TASK OBJECTIVE: From the material below, set down exactly the lines that run from the one containing "44-49. EDN: VSGXZT" to the one containing "Die klare, feminine", minus the pictures.
━━━━━ DATA PROVIDED
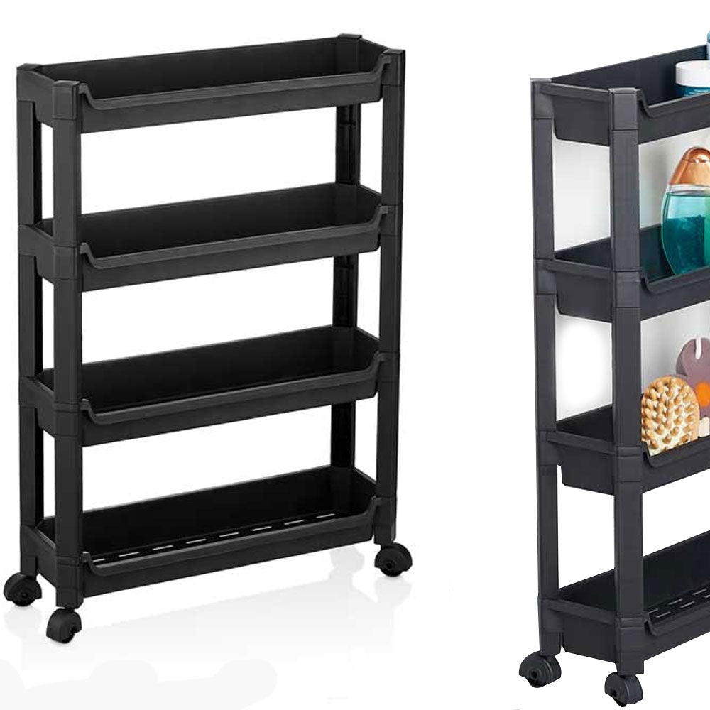 1 x Carrello Slim Salvaspazio da Cucina Bagno Carrellino Portaoggetti 4 Ripiani Nero
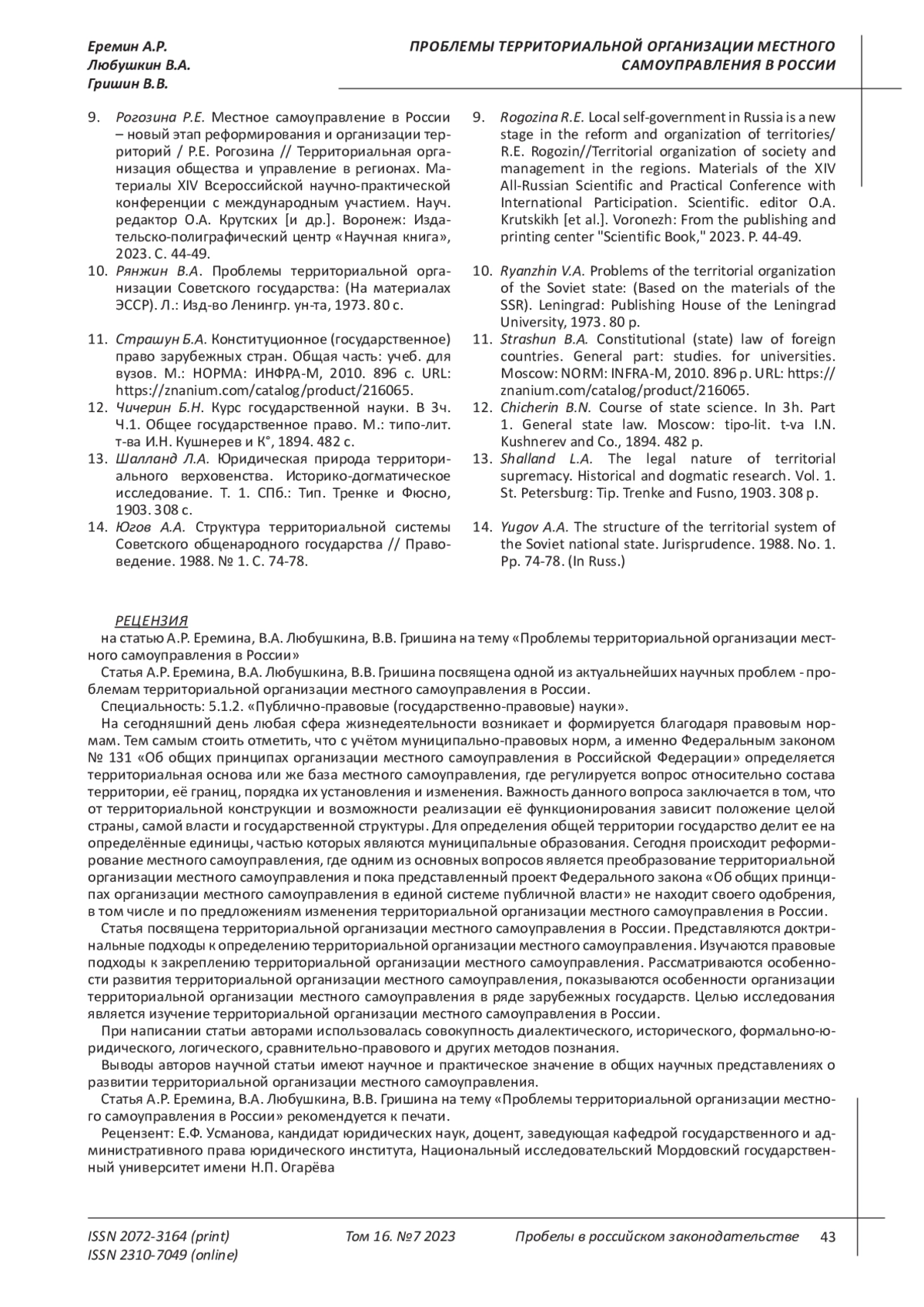 9. 	Рогозина Р.Е. Местное самоуправление в России - новый этап реформирования и организации территорий / Р.Е. Рогозина // Территориальная организация общества и управление в регионах. Материалы ХIV Всероссийской научно-практической конференции с международным участием. Науч. редактор О.А. Крутских [и др.]. Воронеж: Издательско-полиграфический центр “Научная книга”, 2023. С. 44-49. EDN: VSGXZT
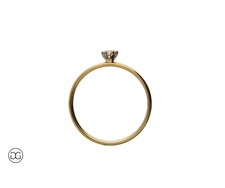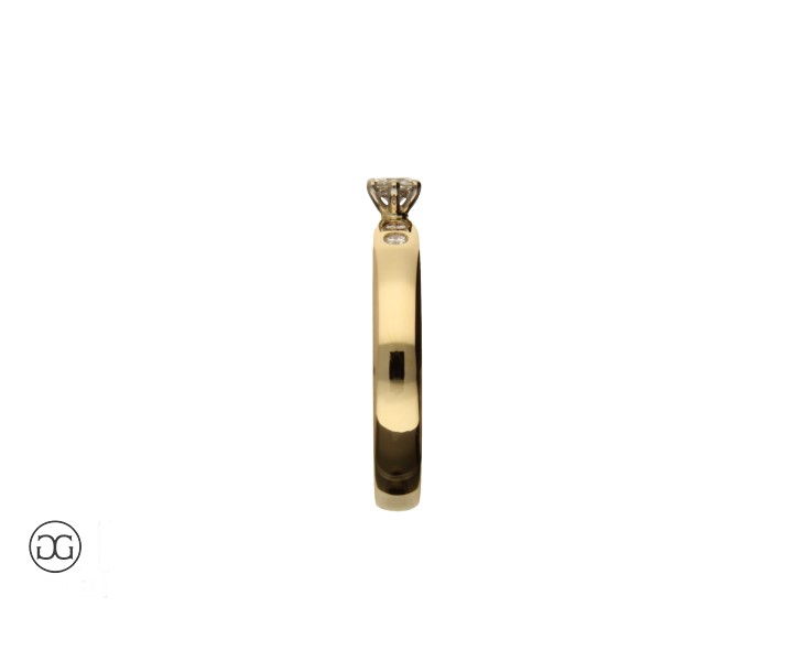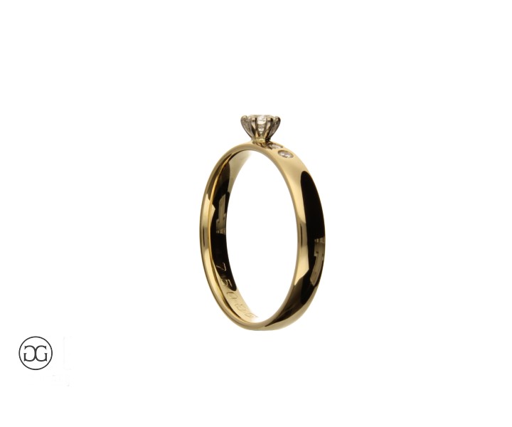 Die klare, feminine Linienführung, feinstes Gelbgold in Hochglanzpolitur und ein wunderschöner, hochwertiger Brillant verleihen diesem Ring einen Hauch von schlichter Eleganz und moderner Weiblichkeit.
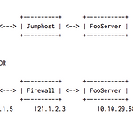 위와 같이 중간에 방화벽이 있는 경우에 해당 방화벽이 있는 서버를 거쳐 원격 서버로 접속해야하는 상황이 되었다.이 경우 접속방법을 알아보자. [ 로컬피시에서 방화벽 서버를 거쳐 원격 서버로 접속하는 방법 ] 1. .ssh/config 파일을 편집기로 실행하여 아래와 같이 입력하고 저장 Host firewall-server hostName 121.1.2.3 User jbk IdentityFile ~/.ssh/jbk_firewall_server.pem Host foo-server hostName 10.10.29.68 User ubuntu IdentityFile ~/.ssh/jbk_dev.pem ProxyCommand ssh firewall-server nc %h %p %r - host : 서버 이름 ( ex..
━━━━━━━━━━
FINISHED TASK:
 9. 	Рогозина Р.Е. Местное самоуправление в России - новый этап реформирования и организации территорий / Р.Е. Рогозина // Территориальная организация общества и управление в регионах. Материалы ХIV Всероссийской научно-практической конференции с международным участием. Науч. редактор О.А. Крутских [и др.]. Воронеж: Издательско-полиграфический центр “Научная книга”, 2023. С. 44-49. EDN: VSGXZT
 Die klare, feminine Linienführung, feinstes Gelbgold in Hochglanzpolitur und ein wunderschöner, hochwertiger Brillant verleihen diesem Ring einen Hauch von schlichter Eleganz und moderner Weiblichkeit.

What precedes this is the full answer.